Beauté du Diable (La chute)

L’idée de cette lumière tenue de Toi m’était insupportable. Ces dix mille étoiles à mon front par ton seul vouloir m’écorchaient comme une brûlure.  Je suis un ange qui sait la douleur.

Je tomberai avec un sifflement de serpent, avalé par la nuit qui est aussi ton œuvre. Ainsi entrerons-nous, ma rage et moi, dans les ténèbres.

À ton troupeau d’ailés louangeurs, il fallait quelqu’un qui s’oppose. J’ai dit « Me voici ». Ce n’est pas Ta volonté qui conduit ma révolte, c’est la mienne. Il y aura l’éternité de ma colère sur le monde, et les hommes auront peur.

En tombant, je deviens ton égal. Je deviens autre, l’Autre,  l’Adversaire. Ma délivrance de Toi ancrée dans l’amour des humains je descends.  Vois, je tombe déjà si profond que je leur deviens accessible ;  ils m’aimeront plus que Toi.

À ta paix béate je préfère le gouffre, riche de possibles, dense à traverser.
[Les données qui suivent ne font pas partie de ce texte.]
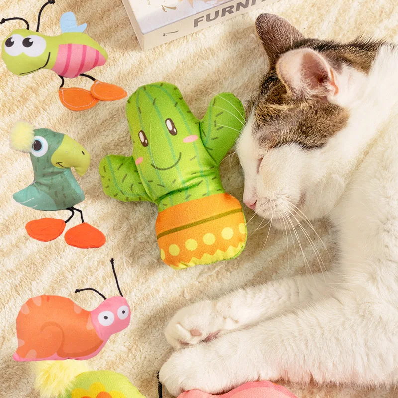 Divertido juguete de peluche de gato con hierba gatera, lindos juguetes masticables de dibujos animados para gatos, perros pequeños, accesorios para gatitos, mascotas juguetes para gatos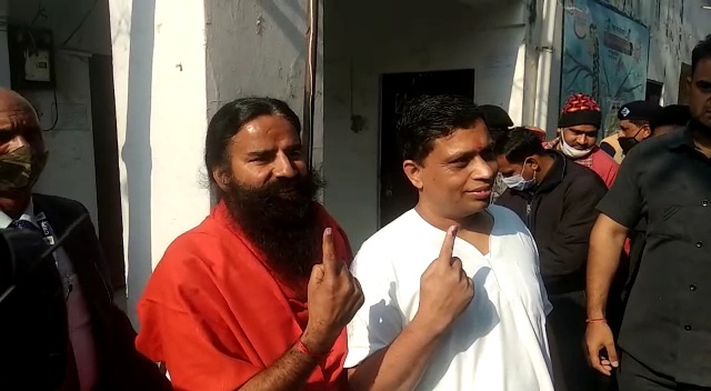 - मतदान करने पंहुचे योग गुरु बाबा रामदेव, बाबा ने कहा मेरा वोट राष्ट्र के नाम

Tête en bas, voici la joie à perdre l’étoile, les ailes, la beauté. Plus rien que ma nudité d’ange, l’air froid, la paix réelle à être plus loin de Toi chaque seconde, et, à chacune d’elle, la joie.

Dépoussiéré, enfin. Plus que le cœur du cœur de ce que je suis, plus de marque aux épaules, le front lisse de toute pierre. Plus rien de Toi, et autant de pouvoir.

À toi jamais rassasié de soumission, j’apporte enfin la rupture dans le fleuve Éternité. Je deviens Ton évènement. Ton cas.  Au moins, j’aurai choisi. Celui qui viendra un jour ne choisira rien et mourra sur une croix juste parce que Tu le veux. Quel père demanderait cela ? Et pourquoi ? Après son supplice, toi et moi savons que rien ne changera.

Les humains sont fragiles, irritants, prévisibles, geignards, mais ce sont de merveilleux vivants. Je serai une silhouette, je le suis déjà, l’ange que je demeure ne fera que respirer, mais ils se réchaufferont à ce souffle-là. J’incarnerai Ton abandon, comme le noir n’est pas la couleur mais son absence.

Je serai là, comme je l’ai toujours été, d’une façon ou d ‘une autre, ce qui fait de moi Ton pareil.

Et tu te tairas. Tu ne sais rien faire d’autre.